DEPECA-1 - DEfeating PEnile Cancer 1 - A Phase II Study to Evaluate a First-line Systemic Therapy With Enfortumab Vedotin Plus Avelumab for Advanced and Metastatic Penile Carcinoma
The DEPECA-1 trial is the first systematic Phase II trial to evaluate response and survival to a combination of antibody-drug conjugate enfortumab vedotin plus the PD-L1 inhibitor avelumab in patients with locally advanced and metastatic penile squamous cell carcinoma (PeCa) in the 1st line setting.
• Patient has ability to understand and the willingness to sign a written informed consent.
• Patient is ≥ 18 years of age at time of signing the written informed consent.
• Male patients with histologically confirmed diagnosis of penile squamous cell carcinoma.
• Patients must be considered non-eligible for curative surgical management. Eligibility for trial inclusion should be based on the presence of either distant metastatic disease (M1) or at least one of the following scenarios based on the UICC/AJCC 8th edition TNM clinical and pathological classification of penile cancer:
∙ Stage 3 (cT3) disease with a single lymph node involved (N1).
‣ Stage 4 disease (cT4).
‣ Any T stage with either N2 (involvement of multiple or bilateral inguinal nodes) or N3 (fixed inguinal nodal mass or pelvic lymphadenopathy) disease. Patients without distant metastases are eligible if multidisciplinary team review concludes that they are unsuitable for curative surgery.
• Tumor material (archival or current) is available for local pathology testing (PD-L1, HPV).
• Eastern Cooperative Oncology Group (ECOG) performance status of ≤ 2.
• Measurable disease per RECIST 1.1 criteria.
• No prior systemic therapy for metastatic or locally advanced PeCa in the palliative setting. NOTE: (Neo)adjuvant systemic therapy (without IO) is allowed at least 6 months before study enrollment.
• Patients has adequate blood count, liver-enzymes, and renal function:
∙ ANC (Absolute neutrophil count) \> 1,500 cells/μL without the use of hematopoietic growth factors.

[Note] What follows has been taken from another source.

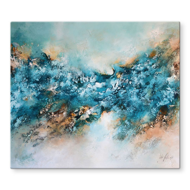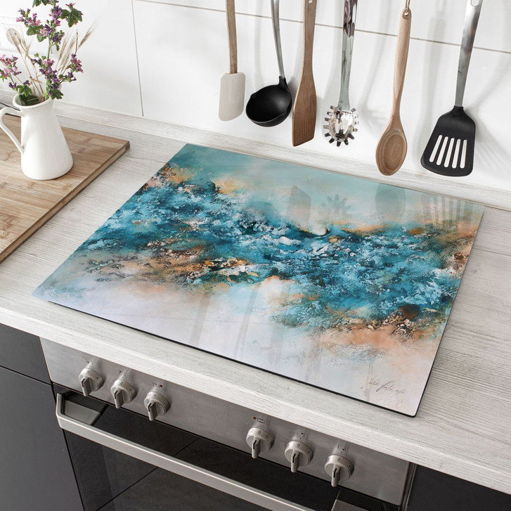 Das zweiteilige Glaskeramik-Kochfeld mit Kunstwerken von Natalie Fedrau bringt Stil und Funktionalität in deine Küche. Das farbenfrohe Design in leuchtendem Türkis, intensiven Blautönen und warmen Braunakzenten verleiht deiner Arbeitsfläche einen Hauch von Exklusivität und Eleganz. Das von den Elementen der Natur inspirierte abstrakte Motiv fügt sich harmonisch in jede Küchenumgebung ein und macht deinen Herd zu einem echten Hingucker.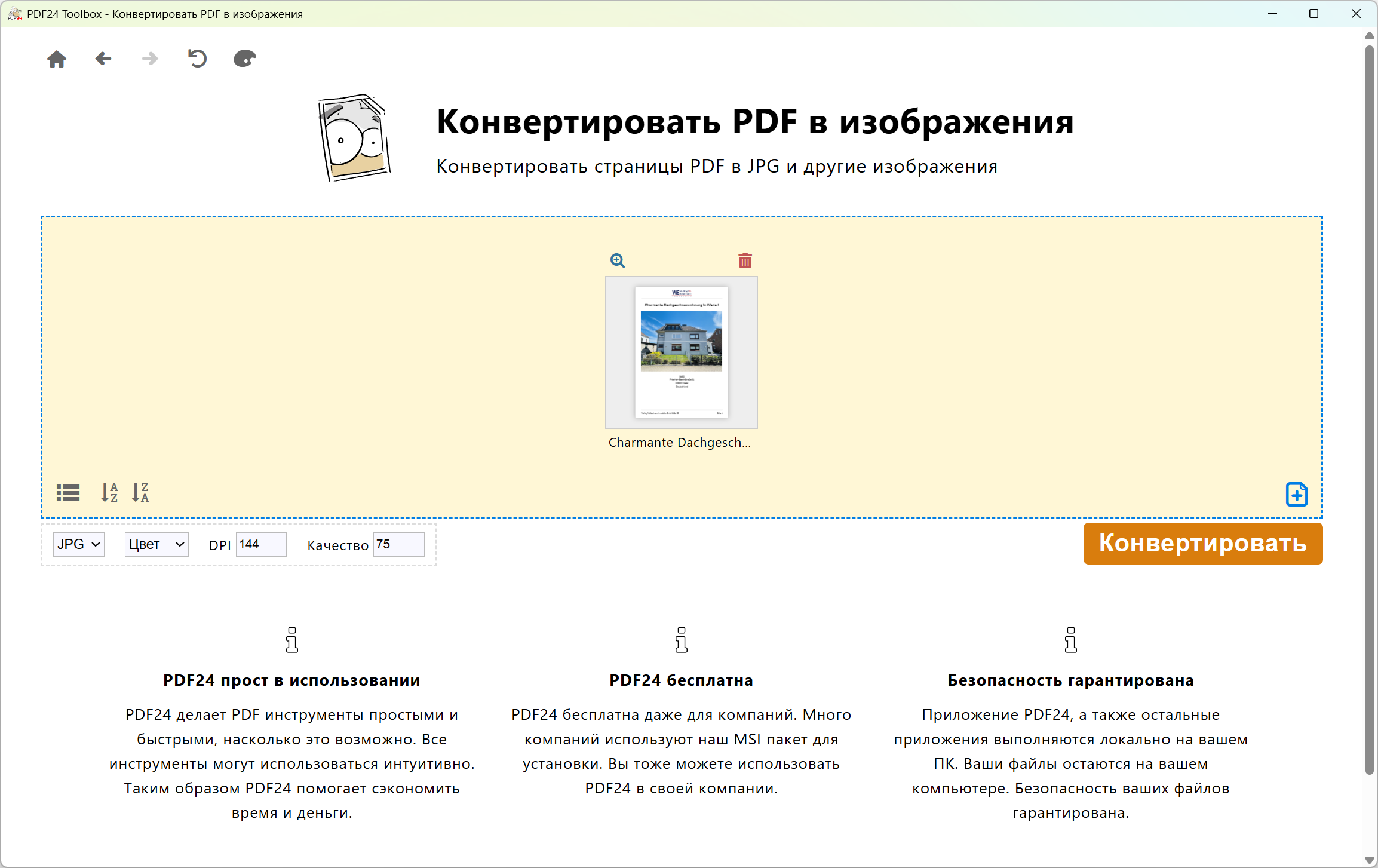 • PDF24 PDF Creator имеет возможность конвертировать различные документы или изображения в формат PDF. Программа выполнит все преобразования автоматически, вам нужно будет только перетащить документ в окно программы, например документ Word.

‣ Platelet count ≥ 100 x 109/L (\>100,000 per mm3).
‣ Hemoglobin ≥ 9 g/dL.
‣ Serum total bilirubin ≤ 1.5x institutional upper normal limit (ULN).
‣ AST (SGOT)/ALT (SGPT) ≤ 2.5 x institutional ULN (or ≤ 5 x ULN if liver metastases are present).
‣ Creatinine clearance ≥ 30 mL/min as calculated by the Cockcroft- Gault equation (or local institutional standard method).
⁃ No other active malignancy within the past 3 years, except for adequately treated basal cell carcinoma of the skin, squamous cell carcinoma of the skin.
⁃ No history of significant cardiovascular disease (e.g., myocardial infarction, unstable angina) within the last 6 months.
⁃ Life expectancy of at least 3 months.
⁃ Willingness to comply with study requirements, including follow-up visits and procedures.
⁃ Patients with female partners of childbearing potential must agree to use an effective method of contraception during the study and for 4 months after the last dose of enfortumab vedotin or for at least 30 days after last avelumab treatment administration, whichever occurs last.